Chinese geneticist and businessman (born 1954)

Wang Jian (汪建; born 13 April 1954) is a Chinese geneticist and businessman. He is Chairman and co-founder of the BGI Genomics (formerly Beijing Genomics Institute).

==Education==
He graduated in 1979 from Hunan Medical College and in 1986 graduated with a Master's in Integrated Medicines from the Beijing University of Chinese Medicine. From 1988 to 1994, he was a research fellow at the University of Texas, the University of Iowa and the University of Washington, working on cell proliferation and differentiation.

==Career==
After returning to China in 1994 to set up Jubilee Biotechnology, this provided much of the initial capital used to set up the Beijing Genomics Institute with Yang Huanming, Liu Siqi and Yu Jun in 1999 in order to engage in research contributing to the Human Genome Project. After this work he was involved in the sequencing of the rice genome, first Asian human reference genome and numerous other large-scale genomics projects. In 2003, he was involved in the efforts to sequence and contain the SARS coronavirus, meeting with former General Secretary of the Chinese Communist Party Hu Jintao who praised BGI's contribution. In 2007, the Beijing Genomics Institute become just BGI when it was relocated to Shenzhen as "the first citizen-managed, non-profit research institution in China". As the largest shareholder in BGI's holding company, in 2019 his net worth was estimated by Forbes to be US$1.2 billion. In January 2020, he travelled to Wuhan to set up a situation room tackling the COVID-19 disease outbreak, helping coordinate the development of diagnostic tests and a 2000-sq-meter emergency detection laboratory built in 5 days.

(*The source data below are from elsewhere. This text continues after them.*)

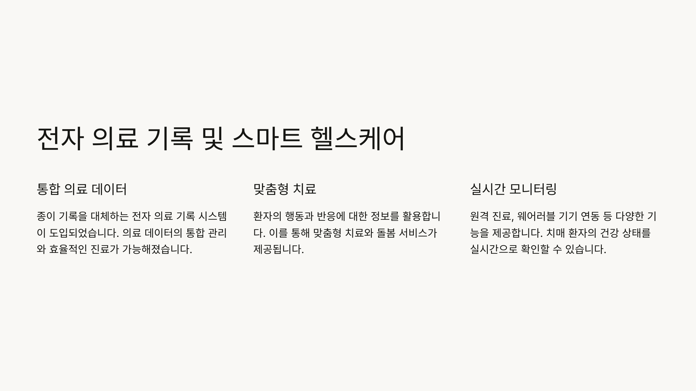 - 종이 기록을 대체하는 전자 의료 기록 시스템이 도입되어 의료 데이터의 통합 관리와 효율적인 진료가 가능해졌습니다. 환자의 행동과 반응에 대한 정보를 활용해 맞춤형 치료와 돌봄 서비스가 제공되고 있습니다.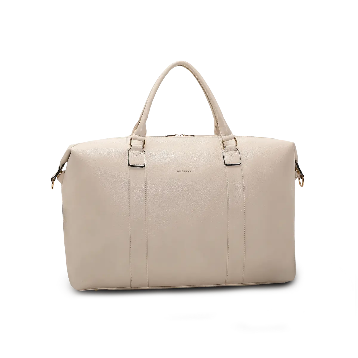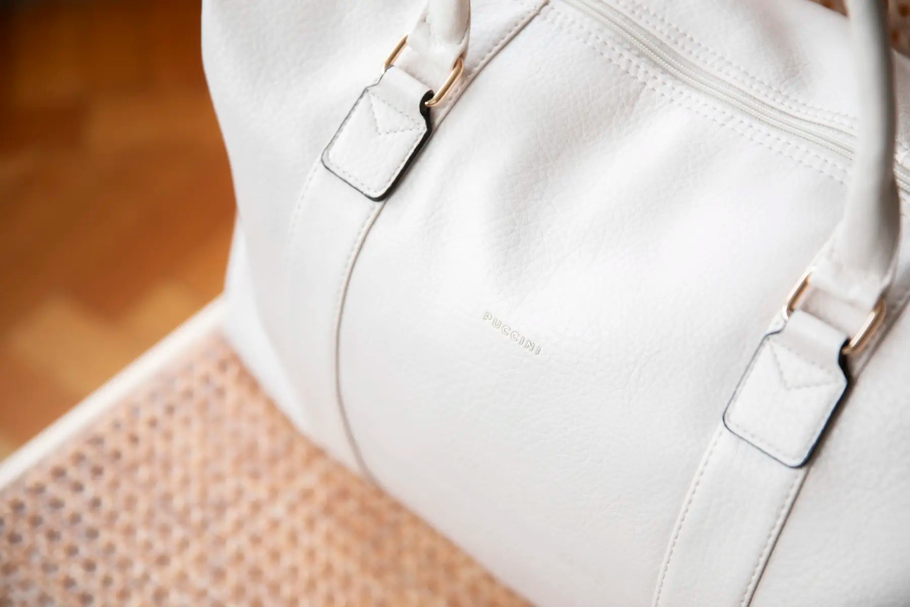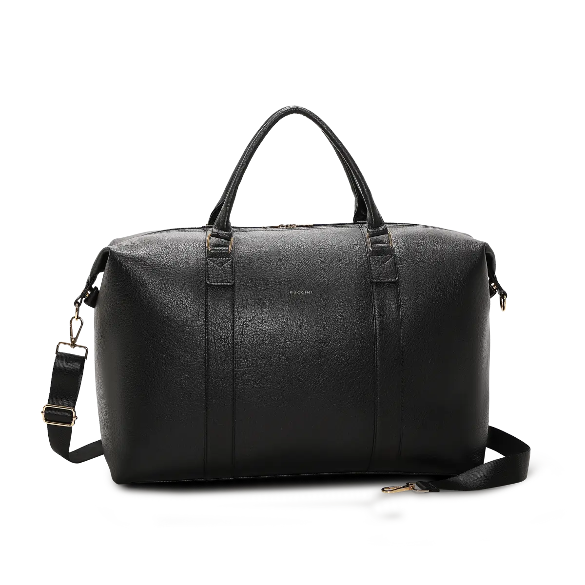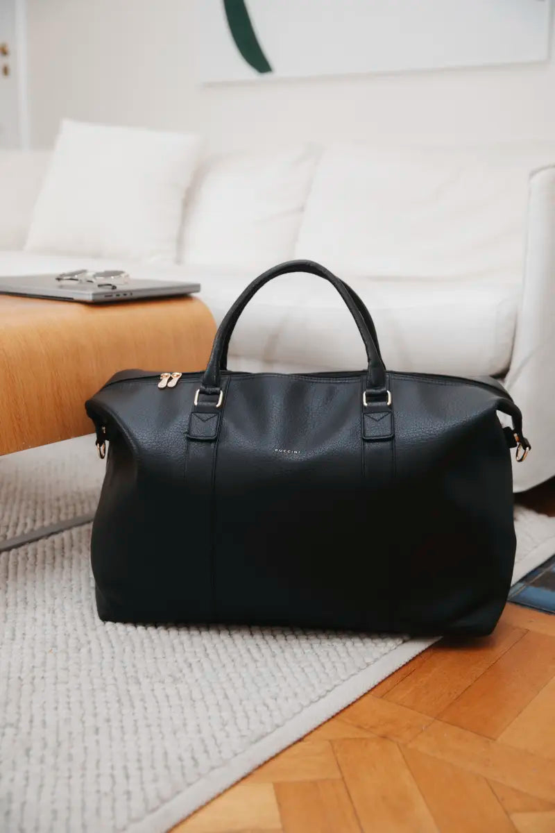 Puccini Disa är en weekendbag som kombinerar rymlighet med en elegant design. Tillverkad i mjuk, veganvänlig skinnimitation, erbjuder denna bag en sofistikerad look med guldfärgade metalldetaljer. Den är idealisk för weekendresor, övernattningar eller som kabinväska, och ger dig möjlighet att packa allt du behöver utan att kompromissa med stilen.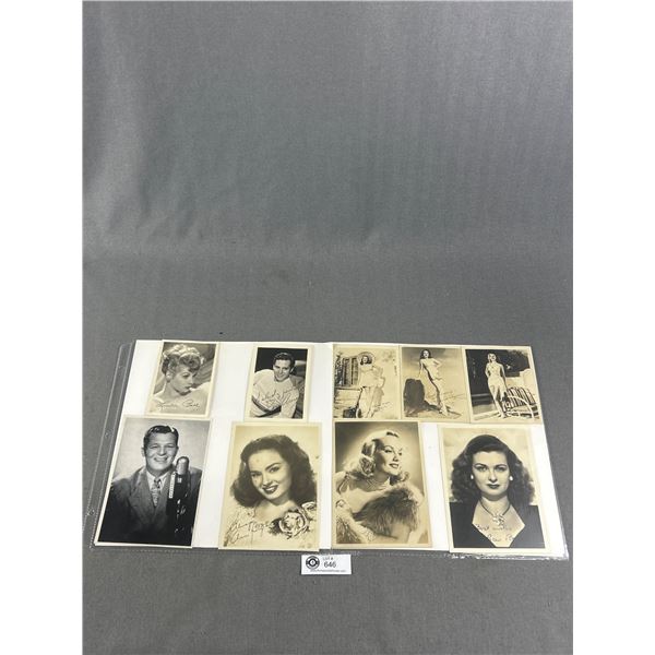 13 Celebrity Photos, Some Autographed. Lana Turner, Roslyn Russell, Etc. In Page Sleeves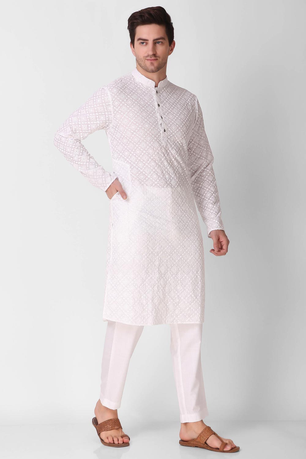 This white cotton embroidered long kurta combines classic elegance with intricate detailing. The pristine white fabric serves as a canvas for beautiful embroidery, making it a perfect choice for both casual and festive occasions.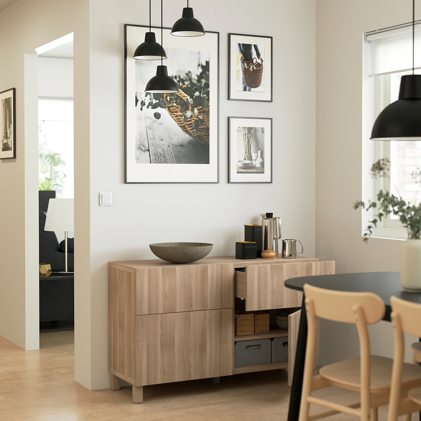 The drawers have integrated push-openers so that you can open them with just a light push. The shelves are adjustable so you can customize your storage as needed. Two drawers make it easy to keep your belongings organized. The shelves behind the doors give you even more storage space. Optimize and organize your BESTÃ… storage with boxes and inserts that you like.Material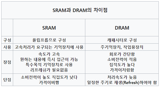 안녕하세요. 취업한 공대누나입니다. 오늘은 SRAM에 대해서 자세히 알아보도록 하겠습니다. 1. SRAM이란? Static Random Access Memory의 약자로 플립플롭 방식의 메모리 장치를 가지고 있는 RAM입니다. DRAM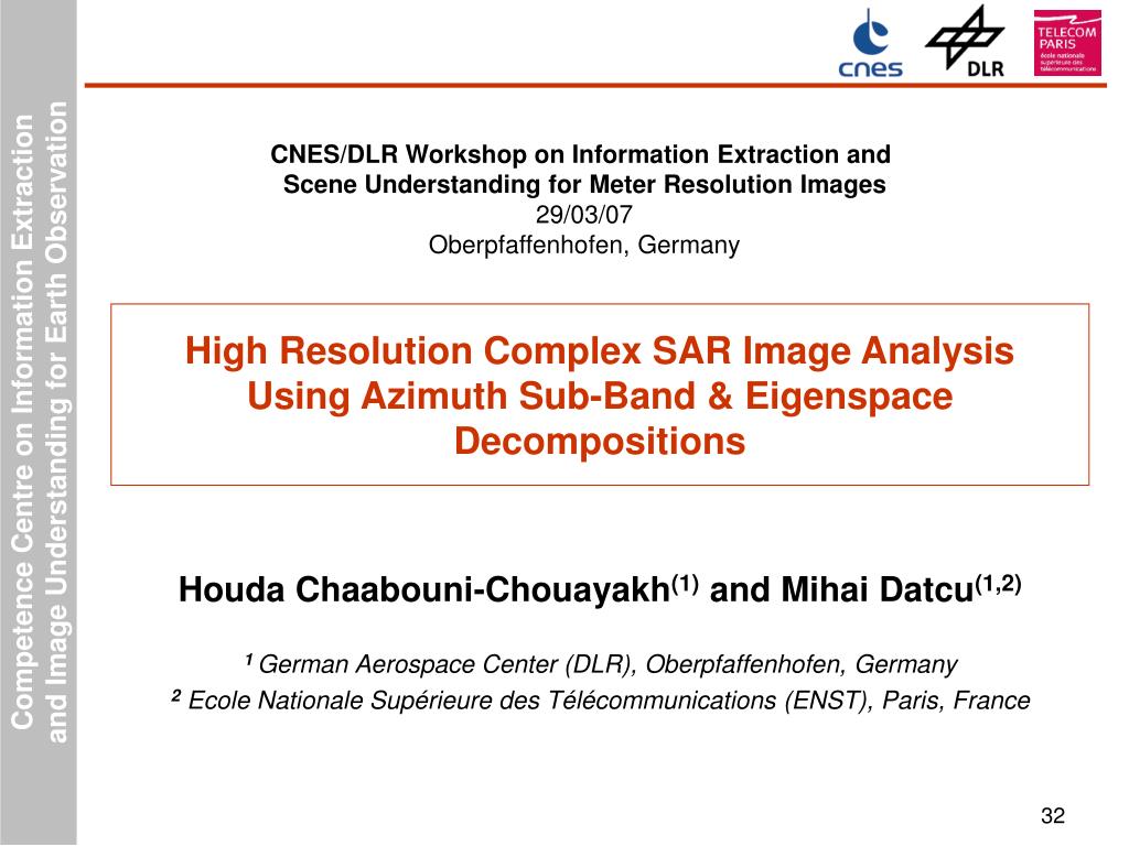 CNES/DLR Workshop on Information Extraction and Scene Understanding for Meter Resolution Images 29/03/07 Oberpfaffenhofen, Germany. High Resolution Complex SAR Image Analysis Using Azimuth Sub-Band & Eigenspace Decompositions . Houda Chaabouni-Chouayakh (1) and Mihai Datcu (1,2)

Devoted to fitness and believing health and longevity to be the first priority of BGI, he has climbed and skied on some of the highest mountains in the world, including summiting Mount Everest. On top of participating in surveys to the North and South Poles, in late 2021 he participated in a 53-day expedition sampling organisms at the Challenger Deep, the deepest known point of the seabed at the southern end of the Mariana Trench. Making dives to depths of under 10,000m in the manned submersible vehicle Fendouzhe, and making him at 67 years of age one of the only people to have been to the highest and lowest points on earth.